Should any entry hold a picture, omit that picture and copy the rest of the entry exactly.

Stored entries
=== Begin Enclosure ===

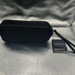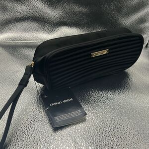 Giorgio Armani Beauty Zip Up Cosmetic Pouch Black Mesh Panel Travel Toiletry Bag
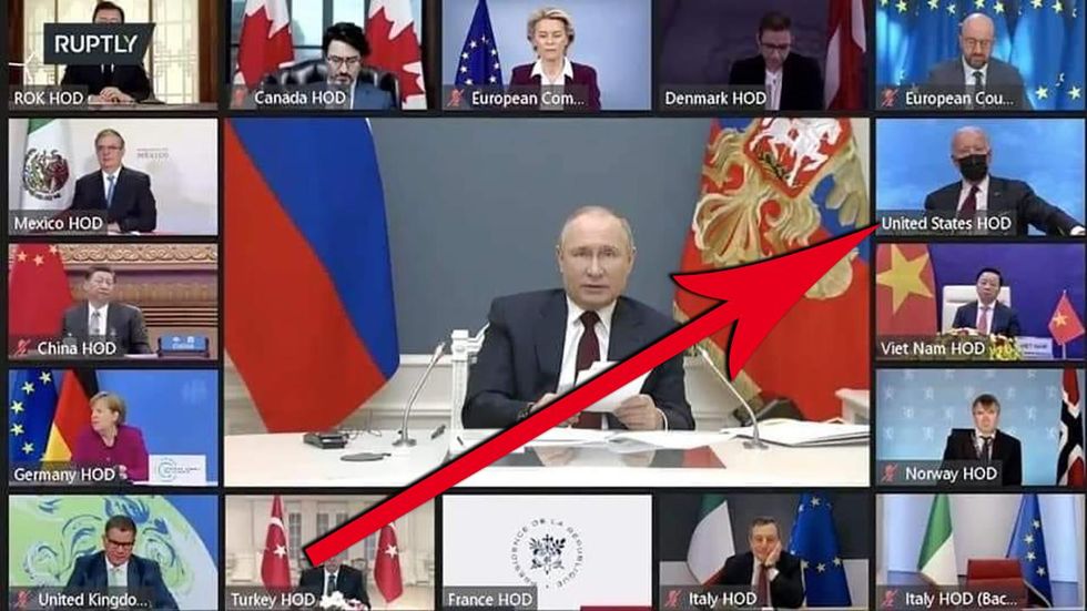I have trouble imagining that there are people around Biden who think THIS is a good look. That someone thinks this shows leadership. All of the people in this call have been dealing with the same global pandemic. They've all been following the same science. Or at the very least, the same "science." They've all gotten their shots. Yet every other world leader is on this call looking like a leader. Our leader is there looking like a buffoon.
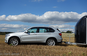 Mit seiner hohen Anhängelast von 3,5 Tonnen, dem großen Laderaum und der BMW-typischen kräftigen Motorisierung bewies sich der X5 – hier im Test das Modell xDrive40d mit 6-Zylinder-3-Liter Doppelturbo-Diesel und 313 PS – hervorragend als Zugfahrzeug für den Dreipferdeanhänger Cheval Liberté Minimax. Durch den Allradantrieb und eine dynamische Traktionskontrolle lässt er einen auch auf matschigen Untergründen nicht im Stich. BMW-typisch ist allerdings auch der Preis: ohne Extras kostet er 66.300 Euro, für die hochkomfortable Testwagenausstattung kommen noch gut 22.000 Euro dazu (Stand 2016).
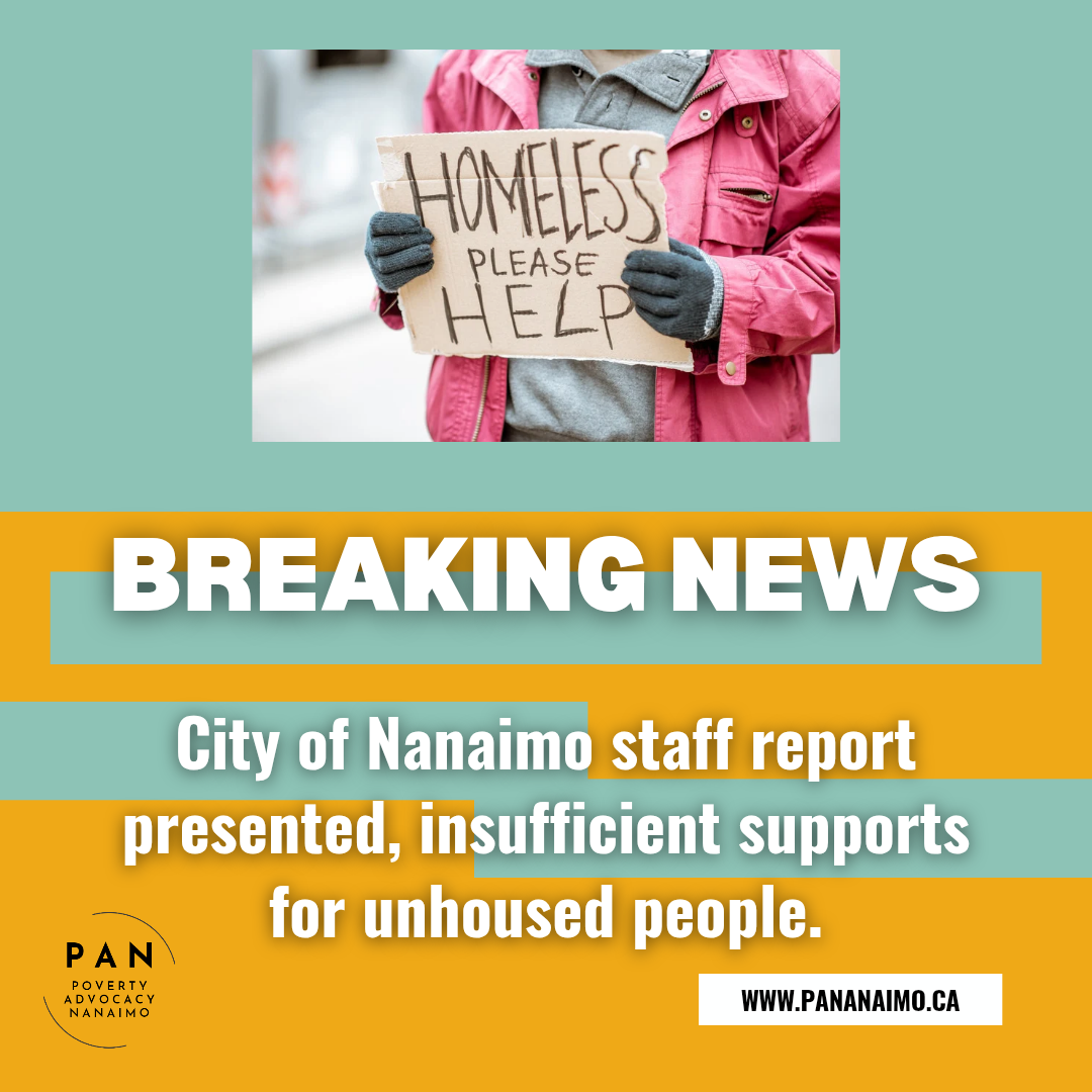 By Sarah Pump, PAN Executive Director “Despite increased demand, access to basic needs services in Nanaimo has declined over the past decade,” says a report from staff at the City of Nanaimo. On May 12th, 2025, City of Nanaimo staff presented a report to the Governance and Priorities Committee about the basic needs of unhoused … Continue reading News that surprised exactly ZERO frontline workers
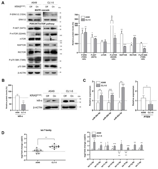 In addition, we looked for differences at the post-transcriptional level and we measured the expression of miR-26a-5p, miR-26b-5p and miR-92a-3p, which downregulate PTEN, a known tumor-suppressor and major regulator of the PI3K/AKT pathway [21]. We observed that KRASG12C induction upregulated the expression of all three miRNAs only in CL1-5 cells (Figure 2C). Moreover, we observed upregulation of all members of the tumor suppressor let-7 family, again only in CL1-5 cells (Figure 2D). The let-7 family of miRNAs targets major oncogenes, including KRAS and c-MYC, and upregulation of specific members of the let-7 family has been detected in senescent human lung fibroblasts [22,23]. Therefore, our observation suggests induction of a protective response against the oncogenic signal of KRASG12C in CL1-5 cells. Taken together, our results indicate that KRASG12C activates equally the MAPK pathway in both cell lines. In A549 cells, the PI3K/AKT signal is transduced possibly through the activation of the mTORC1 axis, which presumably leads to the stimulation of translation initiation. On the other hand, in CL1-5 cells the mTORC1/p70S6K is downregulated and, instead, the formation of mTORC2 complex is favored. The latter is currently considered a novel KRAS direct effector activator of NF-κB [14,24].
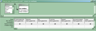 Рисунок 17 - Запрос “Список всех преподавателей” в режиме конструктора
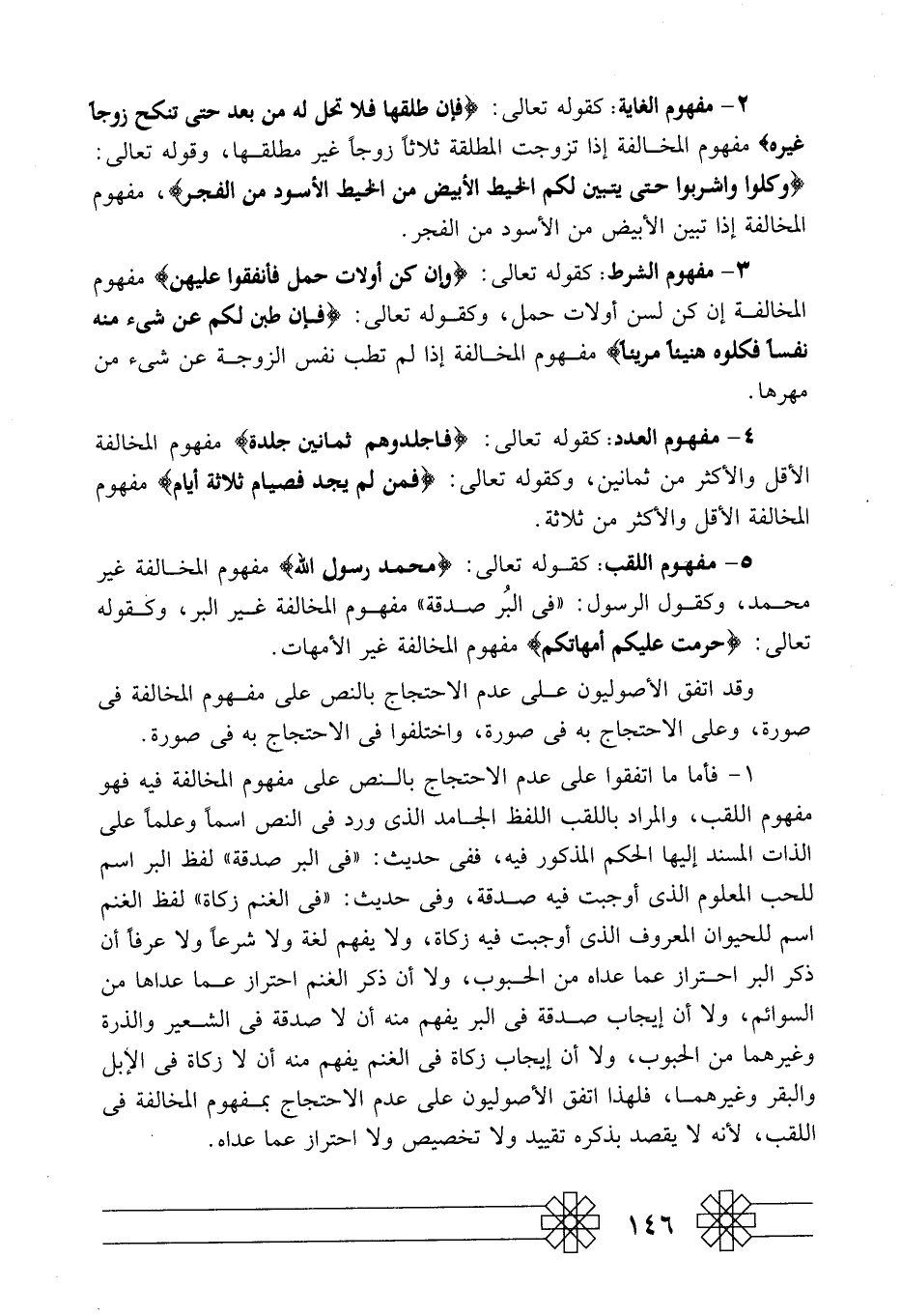 5- مفهوم اللقب: كقوله تعالى: {مُحَمَّدٌ رَسُولُ اللَّهِ} مفهوم المخالفة غير محمد، وكقول الرسول: "في البر صدقة". مفهوم المخالفة غير البر، وكقوله تعالى: {حُرِّمَتْ عَلَيْكُمْ} مفهوم المخالفة غير الأمهات.
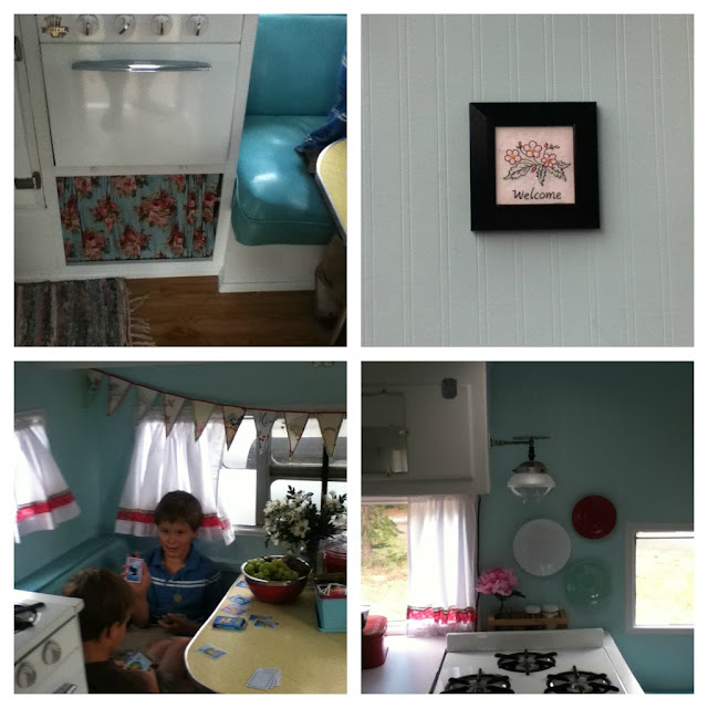 Absolutely adorable! I am so happy that you and your family had a great time. You did a fantastic job on your little trailer. I stumbled across your Blog when looking for inspiration for a 1962 Aloha trailer I bought a couple weeks ago. Let me tell you, you have inspired me enormously. Love it, love it, love it. Look forward to hearing and seeing the details on the finishing touches. You're a really neat woman. Thanks.

=== End Enclosure ===

* WRITTEN ANSWER *
 Giorgio Armani Beauty Zip Up Cosmetic Pouch Black Mesh Panel Travel Toiletry Bag
I have trouble imagining that there are people around Biden who think THIS is a good look. That someone thinks this shows leadership. All of the people in this call have been dealing with the same global pandemic. They've all been following the same science. Or at the very least, the same "science." They've all gotten their shots. Yet every other world leader is on this call looking like a leader. Our leader is there looking like a buffoon.
 Mit seiner hohen Anhängelast von 3,5 Tonnen, dem großen Laderaum und der BMW-typischen kräftigen Motorisierung bewies sich der X5 – hier im Test das Modell xDrive40d mit 6-Zylinder-3-Liter Doppelturbo-Diesel und 313 PS – hervorragend als Zugfahrzeug für den Dreipferdeanhänger Cheval Liberté Minimax. Durch den Allradantrieb und eine dynamische Traktionskontrolle lässt er einen auch auf matschigen Untergründen nicht im Stich. BMW-typisch ist allerdings auch der Preis: ohne Extras kostet er 66.300 Euro, für die hochkomfortable Testwagenausstattung kommen noch gut 22.000 Euro dazu (Stand 2016).
 By Sarah Pump, PAN Executive Director “Despite increased demand, access to basic needs services in Nanaimo has declined over the past decade,” says a report from staff at the City of Nanaimo. On May 12th, 2025, City of Nanaimo staff presented a report to the Governance and Priorities Committee about the basic needs of unhoused … Continue reading News that surprised exactly ZERO frontline workers
 In addition, we looked for differences at the post-transcriptional level and we measured the expression of miR-26a-5p, miR-26b-5p and miR-92a-3p, which downregulate PTEN, a known tumor-suppressor and major regulator of the PI3K/AKT pathway [21]. We observed that KRASG12C induction upregulated the expression of all three miRNAs only in CL1-5 cells (Figure 2C). Moreover, we observed upregulation of all members of the tumor suppressor let-7 family, again only in CL1-5 cells (Figure 2D). The let-7 family of miRNAs targets major oncogenes, including KRAS and c-MYC, and upregulation of specific members of the let-7 family has been detected in senescent human lung fibroblasts [22,23]. Therefore, our observation suggests induction of a protective response against the oncogenic signal of KRASG12C in CL1-5 cells. Taken together, our results indicate that KRASG12C activates equally the MAPK pathway in both cell lines. In A549 cells, the PI3K/AKT signal is transduced possibly through the activation of the mTORC1 axis, which presumably leads to the stimulation of translation initiation. On the other hand, in CL1-5 cells the mTORC1/p70S6K is downregulated and, instead, the formation of mTORC2 complex is favored. The latter is currently considered a novel KRAS direct effector activator of NF-κB [14,24].
 Рисунок 17 - Запрос “Список всех преподавателей” в режиме конструктора
 5- مفهوم اللقب: كقوله تعالى: {مُحَمَّدٌ رَسُولُ اللَّهِ} مفهوم المخالفة غير محمد، وكقول الرسول: "في البر صدقة". مفهوم المخالفة غير البر، وكقوله تعالى: {حُرِّمَتْ عَلَيْكُمْ} مفهوم المخالفة غير الأمهات.
 Absolutely adorable! I am so happy that you and your family had a great time. You did a fantastic job on your little trailer. I stumbled across your Blog when looking for inspiration for a 1962 Aloha trailer I bought a couple weeks ago. Let me tell you, you have inspired me enormously. Love it, love it, love it. Look forward to hearing and seeing the details on the finishing touches. You're a really neat woman. Thanks.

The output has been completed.